VVV18 ORANGE TEAM

Documentation

Ciao a tutti and welcome to the official documentation of the VVV18 Orange Team repository for the final project of this amazing school!

Let's start with a brief overview of the problem itself and then move on how we decided to tackle it.

Overview

We were asked to make iCub able to:

look at two objects shown by the human in front of him;
classify them correctly and point at the one asked by the human;
wait for an acknowledgement from the human to understand if he succeeded or not and behave consequently, showing happiness or sadness.

The approach we decided to follow has been inspired by the YARP modularity, leading us to a State-Machine architecture.

application

The central role is played by a Manager application, which is in charge of communicating with the other modules using the RPC protocol. The type of information exchanged can either be data (for instance, the 3D position of the object to point at) or triggering signals (just to make a module run). The Manager is also, of course, in charge of defining the temporal sequence of actions, waiting for an ACK after each operation. The temporal sequence is the sequent:

application

The other modules are divided in accordance with the subdivision of topics followed during the school and provide the functionalities needed from the Manager to perform the demo task. The only exception to this is the Kinematics module which also includes the Gaze control, in order to avoid having modules with just one function or composed by only a few lines of code. This choice is also supported by the YARP implementation of the Cartesian and Gaze interfaces, which share the same basic idea of control and implementation. Let's have a look at the details of each module:

Input (Speech commands)

The input command is given through speech. We use the speechRecognizer module of the robotology repository, which allows us to extract keywords from voice sentences. We map the following vocal commands in relative keywords, sent through RPC to the manager module:

Sentence	rpc command	Description
"return to home position"	home	move the robot to the home position
"where is the OBJ_NAME"	where + obj	search for the OBJ_NAME
"see you soon"	quit	close the program

where OBJ_NAME can be one of the sequent:

box
car
toy
mug
book

Once the user speaks, the sentence is translated in the basic RPC command, where each option triggers a certain behavior.

Vision

The Vision module performs the image acquisition and processing needed to obtain information from the robot's cameras about the physical world with which it interacts. In particular, it is used to locate objects placed on the table in front of it and to obtain their exact position with respect to it's own body coordinates.

application

This component makes use of two YARP modules: lbpExtractor and SFM. The former acquires the left robot camera and performs texture filtering and object segmentation, outputting the bounding boxes coordinates of the detected blobs. These are used by the vision module to compute, for each of them, their center point in (x,y) image coordinates. Subsequently, SFM collects both the left and right robot camera images, computes the disparity map and uses it, together with the an (x,y) image coordinate point, to compute the (x,y,z) world coordinate of the latter with reference to the robot's torso. Finally, the vision module returns to the manager the list of bounding boxes and their centers in world coordinates.

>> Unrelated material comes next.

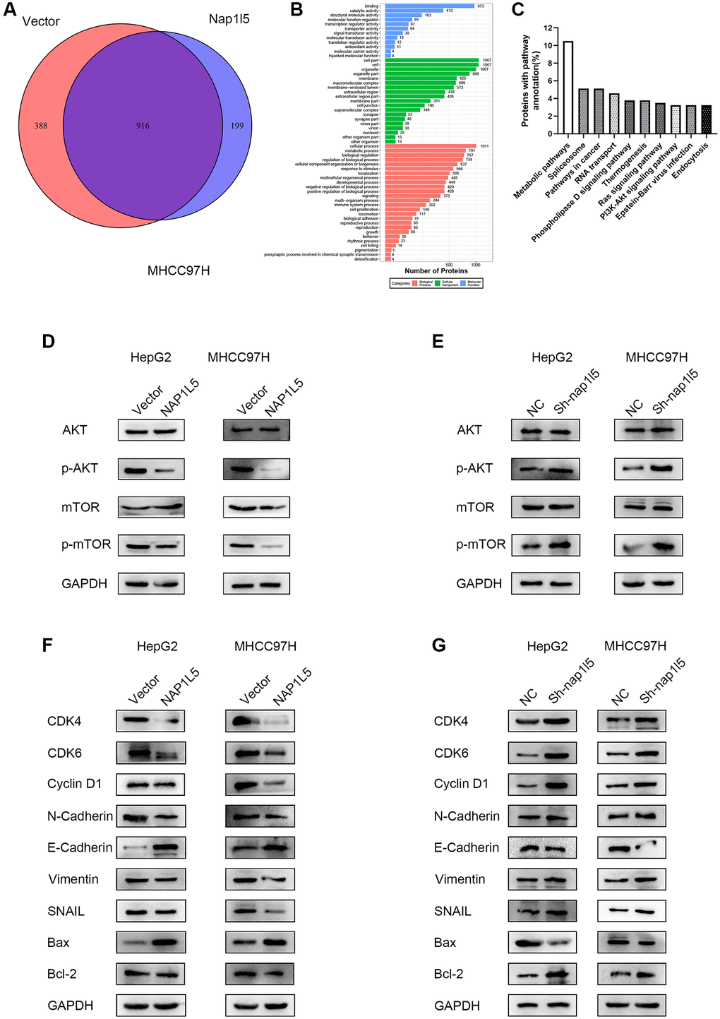 The MHCC97H cells carrying the control and lentivirus vectors with high expression of NAP1L5 were enriched with 916 genes by mass spectrometry, while GO enrichment analysis showed that there were 199 independent differentially expressed genes after NAP1L5 overexpression compared with the control vector group (Figure 6A). The GO function analysis of the two groups of cells is shown in Figure 6B. The independent difference in 199 genes was highly correlated with the PI3K/AKT/MTOR signaling pathway (Figure 6C). We determined the key proteins in the PI3K/AKT/MTOR signaling pathway and found that overexpression of NAP1L5 decreased the phosphorylation of AKT and mTOR in HepG2 and MHCC97H cells (Figure 6D), indicating that PI3K/AKT/mTOR signaling was inhibited. In contrast, NAP1L5 knockdown enhanced the PI3K/AKT/mTOR signaling activity (Figure 6E). In addition, the overexpression of NAP1L5 changes the expression of indispensable key regulators in cell cycle regulation, epithelial-mesenchymal transition (EMT) and apoptosis. Western blotting showed that the expression of cyclin D1; CDK4; CDK6; EMT-related proteins N-cadherin, vimentin, and SNAIL; and apoptosis-related protein Bcl-2 decreased in HepG2 and MHCC97H cells overexpressing NAP1L5, while the levels of E-cadherin and Bax were upregulated (Figure 6F). The Western blotting results in the cells downregulated by NAP1L5 were the opposite (Figure 6G).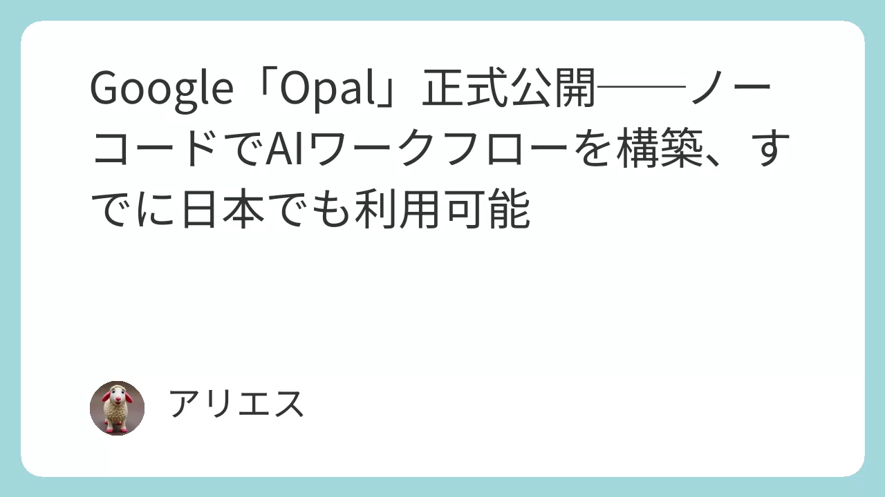 Googleは、ノーコードでAIアプリや自動化ワークフローを作成できる新サービス「Opal」を正式に公開した。公式サイト(opal.withgoogle.com)から、Googleアカウントでログインすればすぐに利用を開始できる。

Classification (Deep Learning)

The classification component uses a Caffe machine learning module trained with a subset of the standard dataset that we used during the winter school courses. The latter has been trained offline with 5 categories of objects (box, car, toy, mug, book), generating a model that is used in the online object recognition. This is performed as follows: this module receives a bounding box from the Manager, retrieves the image from the left camera of the robot and crops it accordingly, then uses the generated image as a testing example on the machine learning system. The predicted label is, subsequently, sent back in response to the Manager. The Manager will request this computation for each of the bounding boxes retrieved from the Vision module.

application

Kinematics

In the Kinematics lecture we programmed iCub to reach a position in the cartesian space with its hand, in accordance to a reference frame positioned into its palm. In particular, a point in the world was obtained from the triangulation of two points in each of the robot's cameras. In this case, we are not interested in reaching a point, but in pointing at it using the index finger, which represents now the new end-effector frame we want to control. To accompilsh this, we made use of the Actions Rendering Engine (ARE), a module combining multiple libraries and modules from the iCub repository that allows the execution of both basic and complex actions. A fast test of this module starts by connecting it:

$ yarp rpc /actionsRenderingEngine/cmd:io

To ask iCub to point to a far point, we use the function pfar(...), which takes in input the three (x,y,z) coordinates of the point, defined in the global frame of iCub:

$ pfar (-1.0 0.0 0.0)

iCub will point to the coordinates with the index and will also look to the specified point. Then it will come back to the home position and return an acknowledgment.

make-it-point

This functionality is performed thanks to the use of an RpcCLient port:

RpcClient rpcPortARE;

To send the command, we use a vocab instead of a string:

Bottle cmdARE;
cmdARE.addVocab(Vocab::encode("pfar"));

Finally, the point coordinates are added through a list:

Bottle &tmpList=cmdARE.addList();
tmpList.addDouble(-1.0);
tmpList.addDouble(0.0);
tmpList.addDouble(0.0);

Once the bottle is sent to the ARE module, the latter replies with a vocab [ack]/[nack] and we check the answer comparing the vocabs:

Bottle replyARE
rpcPortARE.write(cmdARE,replyARE);
replyARE.get(0).asVocab()==Vocab::encode("ack");

Dynamics

As we learnt from the Robot Dynamics lecture, iCub is equipped with sensors able to perceive generalized forces applied to the end effector. This has been exploited starting from the consideration that having the robot hand in high five or low five position means that our end-effector frame has the axes almost collinear with the root frame (even if the frames are somehow rotated). This means that, once we established the gestures we intend to use to confirm/reject the classification, we just need to read the force applied along the axis of interest to discriminate the two cases. For instance, in the high-five configuration the axis of interest is the x_root; while in the low-five configuration we'll be interested in the z_root component. The magnitude of the force, if higher than a certain threshold, will tell us that a contact happened; the direction of the force will tell us if it's a positive or negative ack. The following scheme summirize the sensing of a High-5 from iCub:

Tresh

In which Fx is the projection of the vector F on the x axis.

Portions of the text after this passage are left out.